Наконец Королев примчался в аэропорт с двумя драгоценными коробками, чтобы отправить их в Январск срочным грузом, вместе с пилотами. Оставалось заполнить транспортную накладную. Уже вися грудью над прогнувшейся от напора воздуха финишной ленточкой, Королев замешкался и в графе «Наименование груза, описание» крупно вывел: «НАРЫ СБОРНЫЕ, КРАСНОЕ ДЕРЕВО».
LVIII
Королев любил в ясную погоду бывать в Домодедове. Пока водитель его выписывал накладные и распатронивал «газель» у грузового терминала, он садился на лавочку в отдалении, откуда до самого горизонта простиралось летное поле. Огромное небо – во весь свет, насыщенное свечением, которое вдруг с торжественным ревом наискосок пронзал и тут же тонул блесткой самолет, – напоминало видение моря, наполняло спокойными мыслями о смерти.
Королев совсем не свысока жалел Гиттиса. Тому в самом деле было не позавидовать. Помещая себя на его место, Королев тоже оказывался бессилен что-либо поделать. Ничего нельзя было поправить в нравственном хламе, поглотившем жизнь. Ничего нельзя было поделать с дебрями колючей проволоки прошлого, полонившего однообразное будущее. Он смотрел на своего начальника – обрюзглого, чванливо-нервного, курносого человека – и догадывался, что и сам Гиттис сознает безнадежность, что и у него глаза застила всё та же серая тьма близкой дали. Может, только поэтому он такой гоношистый, чванливый, нервный, как барышня, думал Королев. Несколько раз он всерьез боялся, что из-за грошовых неурядиц, поступавших по мобильному телефону из Январска, начальника могла хватить кондрашка – так он переживал и задыхался от негодования, закатывал глаза и т. п. И Королеву становилось страшно: как это он с толстым потным мертвецом в этой долгой нудной пробке – ужасаясь, нещадно отбиваясь от буйной его агонии, – час или больше проваландается до ближайшей больницы…

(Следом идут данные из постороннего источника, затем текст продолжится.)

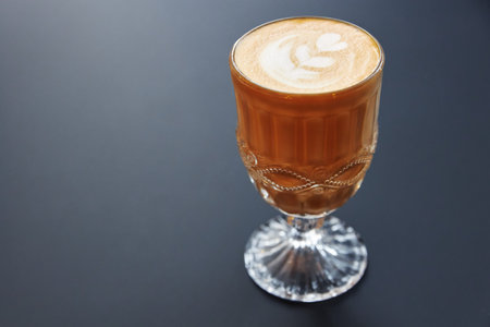 glass of coffee with foam with a pattern on a gray background

И Королеву становилось страшно: тьма общего положения основывалось на том, что даже кратное увеличение дохода ни на что не могло повлиять. Ничто не могло принести избавления от рабства, не говоря уже о рабстве метафизическом: благосостояние оставалось глухо к усилиям. Общество вязло в тупике, ни о каком среднем классе речи быть не могло, следовательно, вокруг царствовало не что иное, как рабство. В рабстве нормально функционировать могут только воры – или эксплуататоры, и невдомек им, в отличие от норвежцев, что треть прибавочной стоимости, оросившая зарплату их «шестерок», может обеспечить бесплатные медицину и образование. Сиречь не капитализм у нас, а в лучшем случае феодальный строй, не кредитная система, а ростовщичество, и так далее. И конца и края Королев этому не видел.
– Гады, – бормотал он, – Господи, какие гады…
Отойдя от припадка, Гиттис обязательно разглагольствовал как ни в чем не бывало, что все болезни от нервов, что «через стресс он набрал центнер», – и тут же кидался куда-нибудь жрать, в ближайшее кафе, ресторан, приговаривая: «Надо срочно повысить сахар, надо срочно повысить сахар».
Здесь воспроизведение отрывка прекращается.